LangChain Library Adds Full Support for Neo4j Vector Index

Streamlining data ingestion and querying in Retrieval-Augmented Generation Applications

Tomaz Bratanic
Neo4j Developer Blog
6 min readAug 31, 2023

--

A detective looking at lists of numbers as imagined by Midjourney.

If you have been on vacation for the past six months, first of all, congratulations. Secondly, you should know that since the introduction of ChatGPT-like large language models (LLM), the technology ecosystem has changed dramatically. Nowadays, it’s all about retrieval-augmented generation (RAG) applications. The idea behind RAG applications is to provide additional context at query time to have the LLM generate accurate and up-to-date answers.

Retrieval-augmented generation workflow. Image by the author.

Neo4j has been and is excellent at storing and analyzing structured information in RAG applications. Furthermore, Neo4j added the vector index search only a couple of days ago, which brings it closer to supporting RAG applications based on unstructured text.

To streamline the use of Neo4j’s vector index, I have integrated it into the LangChain library properly. LangChain is a leading framework for building LLM applications, integrating most LLM providers, databases, and more. It supports data ingestion as well as reading workflows and is especially useful for developing question-answering chatbots using the RAG architecture.

In this blog post, I’ll guide you through an end-to-end example that demonstrates how to leverage LangChain for efficient data ingestion into Neo4j vector index, followed by the construction of a straightforward yet effective RAG application.

Intended workflow. Image by the author.

The tutorial will consist of the following steps:

  • Read a Wikipedia article using a LangChain Document Reader
  • Chunk the text
  • Store the text in Neo4j and index it using the newly added vector index
  • Implement a question-answering workflow to support RAG applications.

As always, the code is available on GitHub.

Neo4j Environment Setup

You need to set up a Neo4j 5.11 or greater to follow along with the examples in this blog post. The easiest way is to start a free instance on Neo4j Aura, which offers cloud instances of Neo4j database. Alternatively, you can also set up a local instance of the Neo4j database by downloading the Neo4j Desktop application and creating a local database instance.

Reading and Chunking a Wikipedia Article

We will begin by reading and chunking a Wikipedia article. The process is pretty simple, as LangChain has integrated the Wikipedia document loader as well as the text chunking modules.

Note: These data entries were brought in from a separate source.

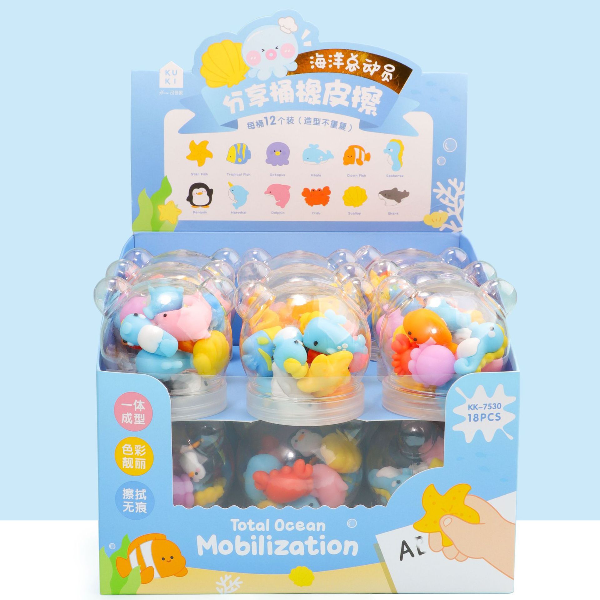 新型海洋動物総動員消しゴム共有バケツセットかわいい3D動物の形消しゴムがきれいになった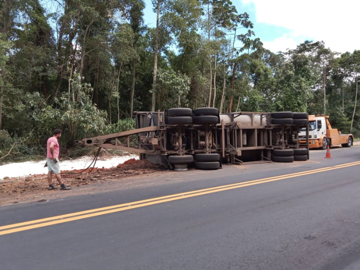 Carroceria com carregamento de adubo agrícola se solta de carreta e tomba na BR-262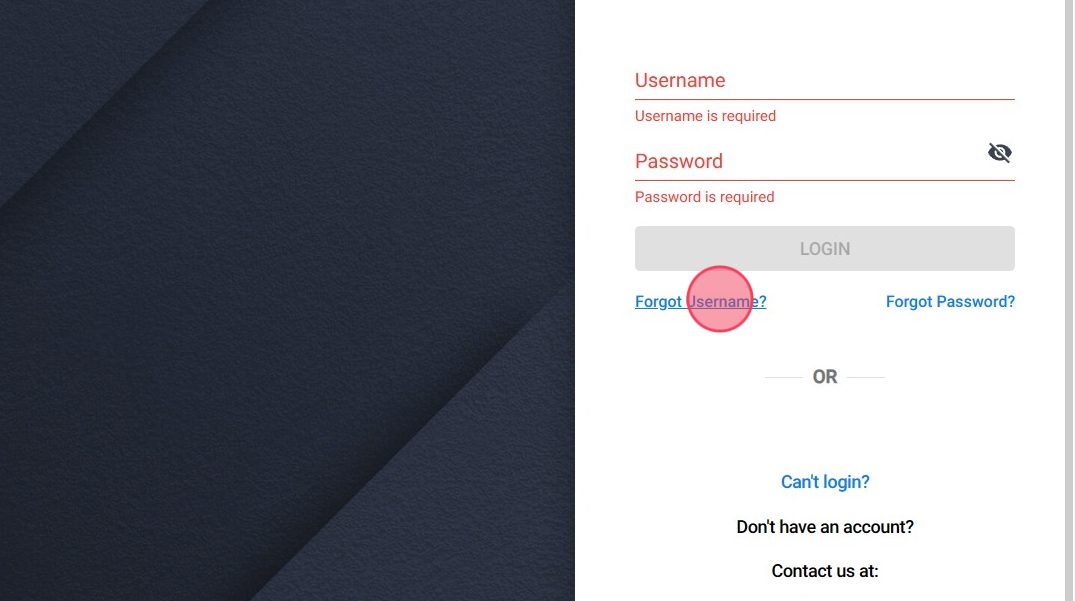 2. Una vez en la página de inicio, haga clic en el enlace de nombre de usuario olvidado ("Forgot Username?")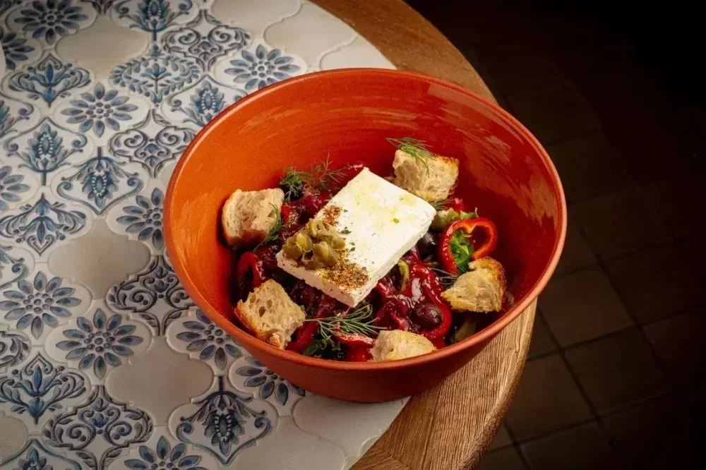 Cочные узбекские томаты, хрустящие огурцы и сладкий перец рамиро. С маринованным красным луком, оливками Каламата и испанскими оливками, крупными кусками феты и чесночными гренками из тартина. С заправкой на оливковом масле с греческими травами и пикантными каперсами.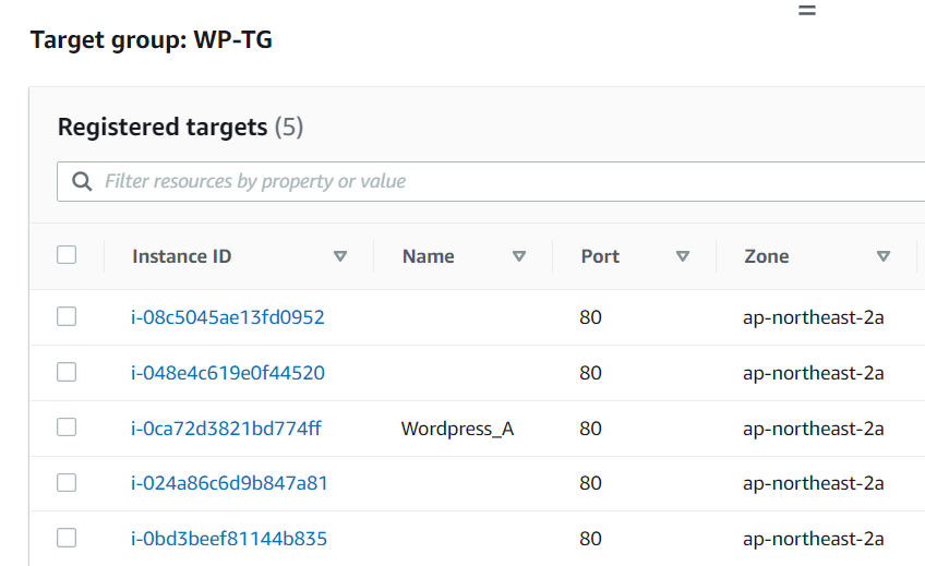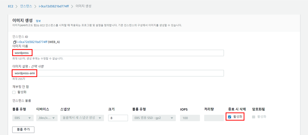- Wordpress_A 인스턴스로 이미지를 만들었기 때문에 Auto Scaling 그룹으로 인해 생기는 인스턴스들은

from langchain.document_loaders import WikipediaLoader
from langchain.text_splitter import CharacterTextSplitter

# Read the wikipedia article
raw_documents = WikipediaLoader(query="Leonhard Euler").load()
# Define chunking strategy
text_splitter = CharacterTextSplitter.from_tiktoken_encoder(
chunk_size=1000, chunk_overlap=20
)
# Chunk the document
documents = text_splitter.split_documents(raw_documents)

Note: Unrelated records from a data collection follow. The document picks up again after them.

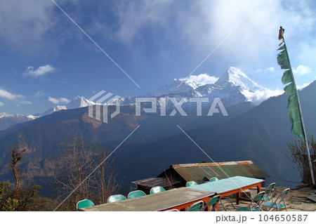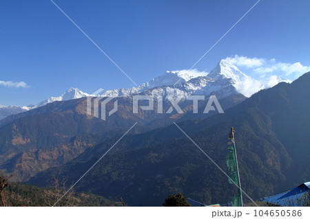 Annapurna peak and Prayer flag on poon hill in Himalayas, nepal
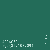 Цвет #236C59 в цветовой модели RGB обозначается тремя октетами (35, 108, 89) в десятичном формате и #236C59 в шестнадцатиричном (hex) формате, которые являются интенсивностью красного 35 (hex 23), интенсивность зелёного 108 (hex 6C) и интенсивность синего 89 (hex 59).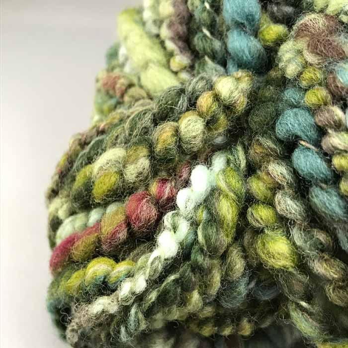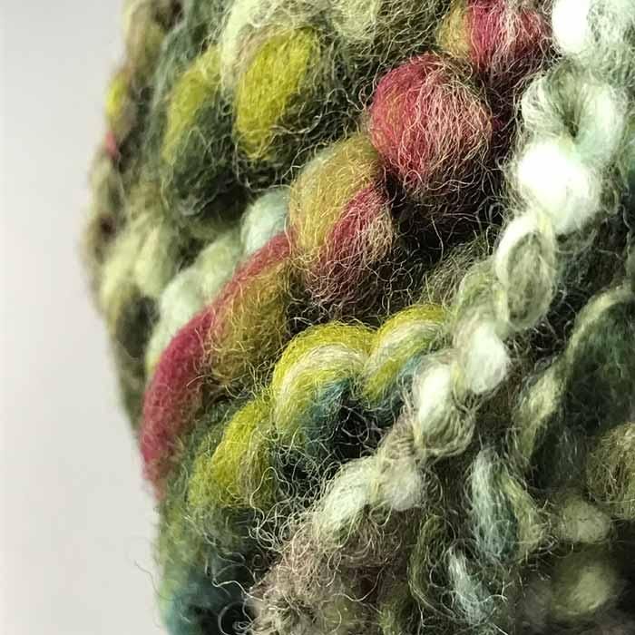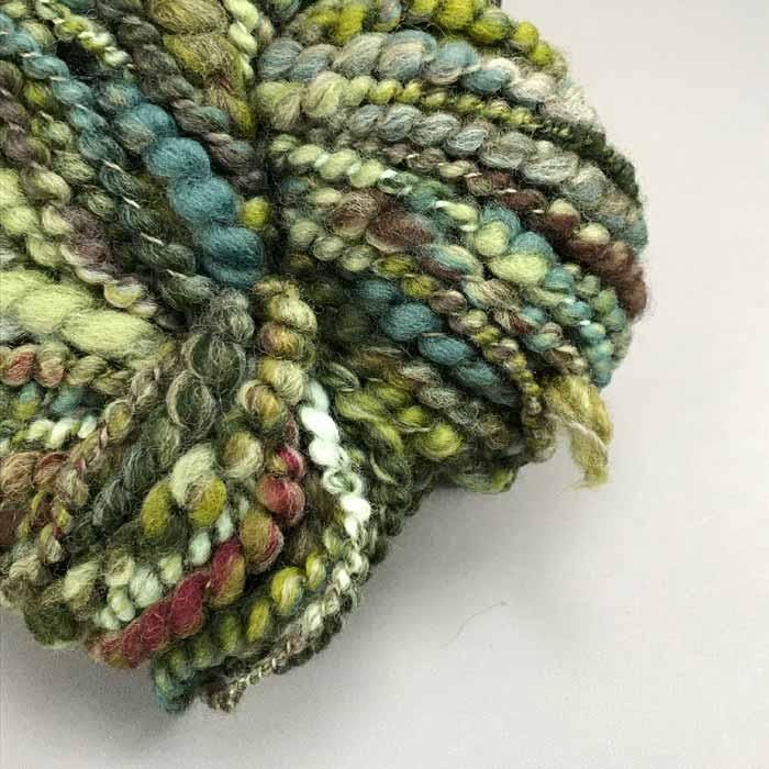 少し強めに撚りがきいた、弾力のあるアートヤーンです。

# Remove summary from metadata
for d in documents:
del d.metadata['summary']

Since Neo4j is a graph database, I thought using the Wikipedia article about Leonhard Euler as the example was only fitting. Next, we use the tiktoken text chunking module, which uses a tokenizer made by OpenAI, to split the article into chunks with 1000 tokens. You can learn more about text chunking strategies in this article.

LangChain’s WikipediaLoaderadds a summary to each chunk by default. I thought the added summaries were a bit redundant. For example, if you used a vector similarity search to retrieve the top three results, the summary would be repeated three times. Therefore, I decided to remove it from the dataset.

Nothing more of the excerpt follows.